◆ Work to be completed: Repeat only these lines, exactly: the first line of the data, the line containing "Gelatin silver print, 1951, with", and every line between them. Pictures stay out.
*** Provided information ***
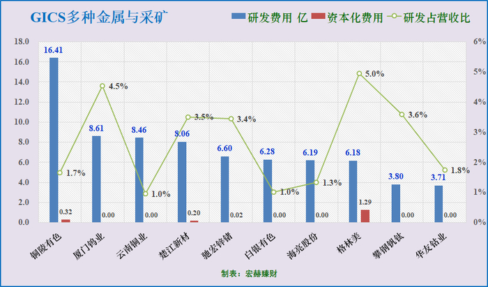 研发投入三甲:铜陵有色16.4亿、厦门钨业8.6亿、云南铜业8.5亿。
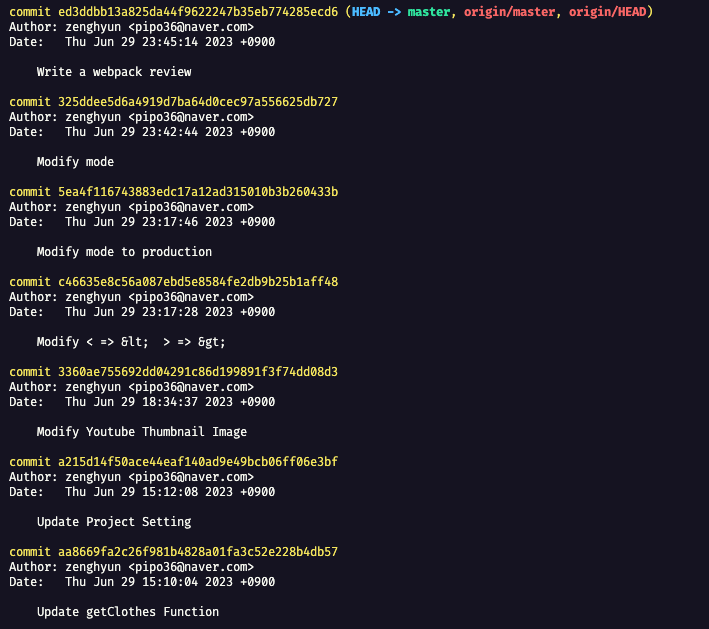 터미널에 git log를 입력하면 그간 내가 작업한 파일의 commit log를 확인할 수 있습니다.
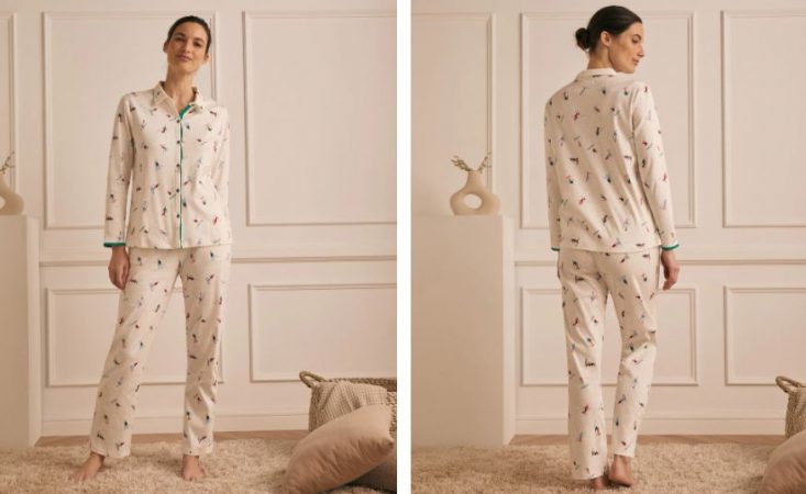 Vamos de algo clásico y liso a un pijama, también de Énfasis, en un estampado fantasía, alegre y original. Se vende en color blanco y sin duda es un gran regalo de cara a estas navidades. Su precio en El Corte Inglés está en 39,99 euros, con lo que aplicando el descuento del 30% se queda muy económico. Es 100% algodón y lo puedes adquirir aquí.
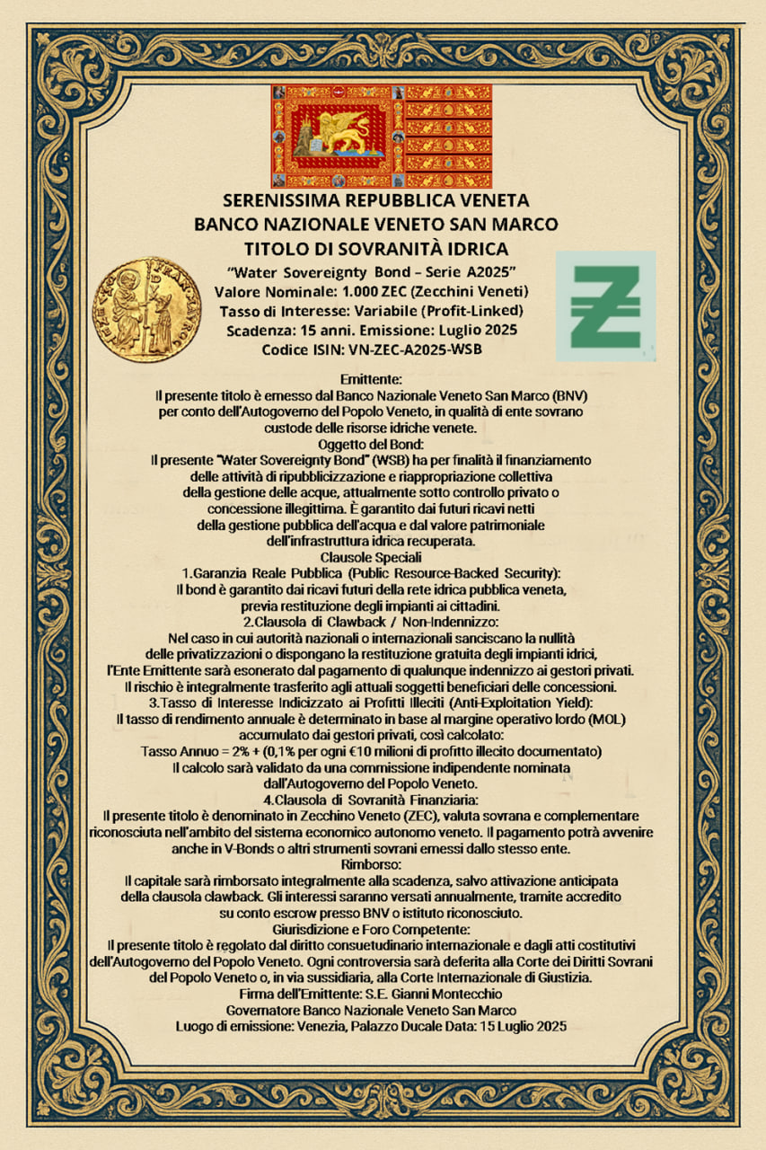 Il BNVSM offrirà un bonus di benvenuto di 2000 Zecchini (ZEC) ai primi 10.000 intestatari che apriranno un conto corrente gratuito in ZEC. Un gesto simbolico e concreto per avviare il nuovo corso dell’economia veneta con fiducia, partecipazione e spirito comunitario. Clicca qui e segui le indicazioni per aprire il Tuo conto digitale. APERTURA CONTO DISPONIBILE PER CHIUNQUE NE FACCIA RICHIESTA NEL MONDO: CITTADINI AUTODETERMINATI E CITTADINI NON AUTODETERMINATI. SCADENZA BONUS 31.07.25
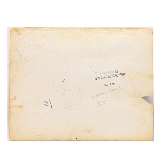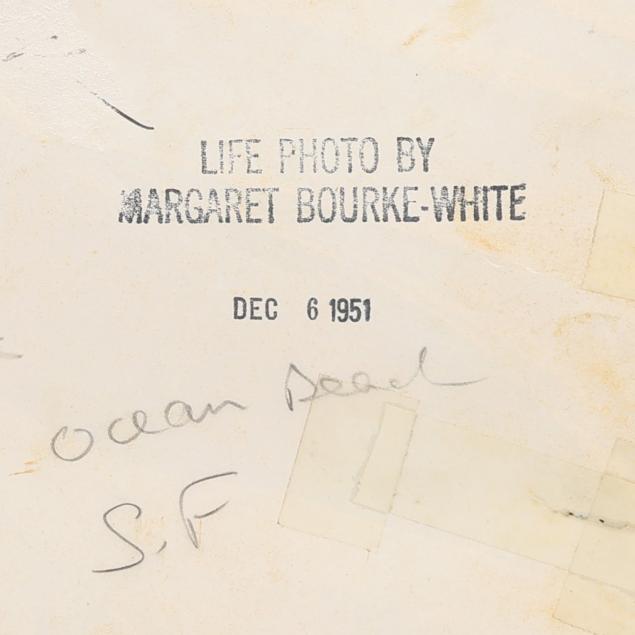 Gelatin silver print, 1951, with photographer's agency credit stamp “Life Photo by Margaret Bourke-White" and date stamp "Dec 6 1951" to verso, with additional hand-written notations, framed.
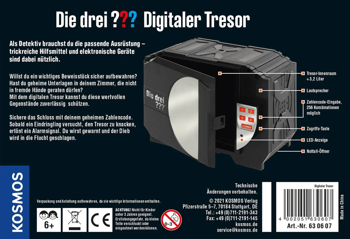 Mit einem 4-stelligen Zahlencode kann man den Safe öffnen. Bei unbefugtem Zugriff ertönt ein Alarm. Inkl. LED-Anzeige. Batterien erforderlich. Ab 6 Jahren. Nicht nur die drei Detektive aus Rocky Beach, Justus Jonas, Peter Shaw und Bob Andrews, brauchen einen sicheren Aufbewahrungsort für geheime Dokumente, wichitge Indizien und gesicherte Beweise. Auch Nachwuchs-Detektive ab acht Jahren müssen vertrauliche Dinge vor unbefugtem Zugriff schützen! Im Digitalen Tresor sind alle Geheimnisse sicher, denn er kann nur mit einem selbst einstellbaren, vierstelligen Code geöffnet werden. Wenn Diebe am Werk sind ertönt ein Alarm, der den Besitzer auf den Plan ruft. So kann der Einbrecher schnell gefasst werden - Fall gelöst!
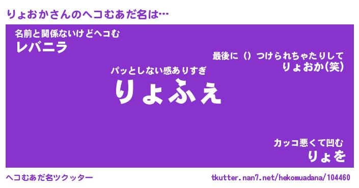 | ファンタジー風あだ名 | 『リョフェル』『エターナルリョオカー』 |
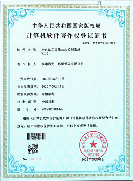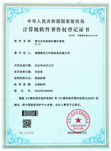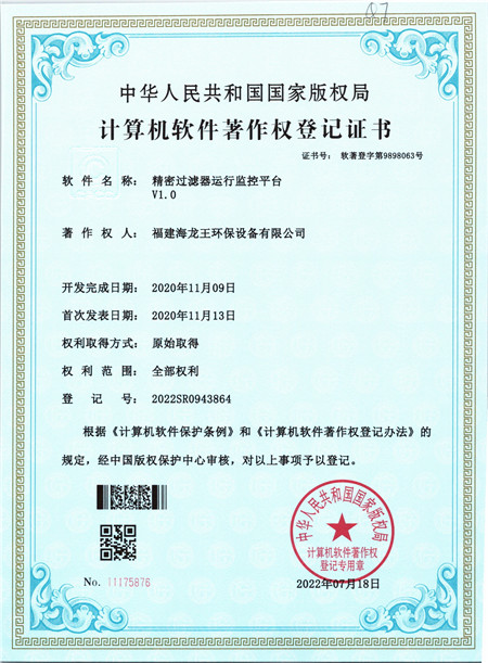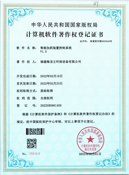 您現在的位置:福建海龍王環保設備有限公司 >> 關于我們 >> 軟著與專利
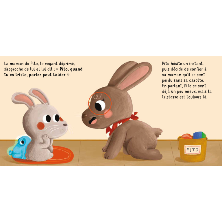 Pito est un petit lièvre qui vit dans une grande forêt. La plupart du temps, il est très joyeux, mais il arrive parfois que la tristesse envahisse son petit coeur. Cette tendre histoire apprend aux enfants à comprendre et à accepter la tristesse comme faisant partie de la vie. Ils pourront ainsi mieux affronter les moments difficiles.
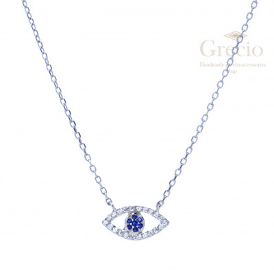 Κολιέ με οβάλ μάτι με άσπρα και μπλε ζιργκόν από ασήμι 925 . Διατίθεται σε ασημένιο, επιχρυσωμένο ροζ και κίτρινο χρυσό χρώμα. Το μήκος της αλυσίδας είναι 40-45 εκ.
***
◆ Expected answer:
 研发投入三甲:铜陵有色16.4亿、厦门钨业8.6亿、云南铜业8.5亿。
 터미널에 git log를 입력하면 그간 내가 작업한 파일의 commit log를 확인할 수 있습니다.
 Vamos de algo clásico y liso a un pijama, también de Énfasis, en un estampado fantasía, alegre y original. Se vende en color blanco y sin duda es un gran regalo de cara a estas navidades. Su precio en El Corte Inglés está en 39,99 euros, con lo que aplicando el descuento del 30% se queda muy económico. Es 100% algodón y lo puedes adquirir aquí.
 Il BNVSM offrirà un bonus di benvenuto di 2000 Zecchini (ZEC) ai primi 10.000 intestatari che apriranno un conto corrente gratuito in ZEC. Un gesto simbolico e concreto per avviare il nuovo corso dell’economia veneta con fiducia, partecipazione e spirito comunitario. Clicca qui e segui le indicazioni per aprire il Tuo conto digitale. APERTURA CONTO DISPONIBILE PER CHIUNQUE NE FACCIA RICHIESTA NEL MONDO: CITTADINI AUTODETERMINATI E CITTADINI NON AUTODETERMINATI. SCADENZA BONUS 31.07.25
 Gelatin silver print, 1951, with photographer's agency credit stamp “Life Photo by Margaret Bourke-White" and date stamp "Dec 6 1951" to verso, with additional hand-written notations, framed.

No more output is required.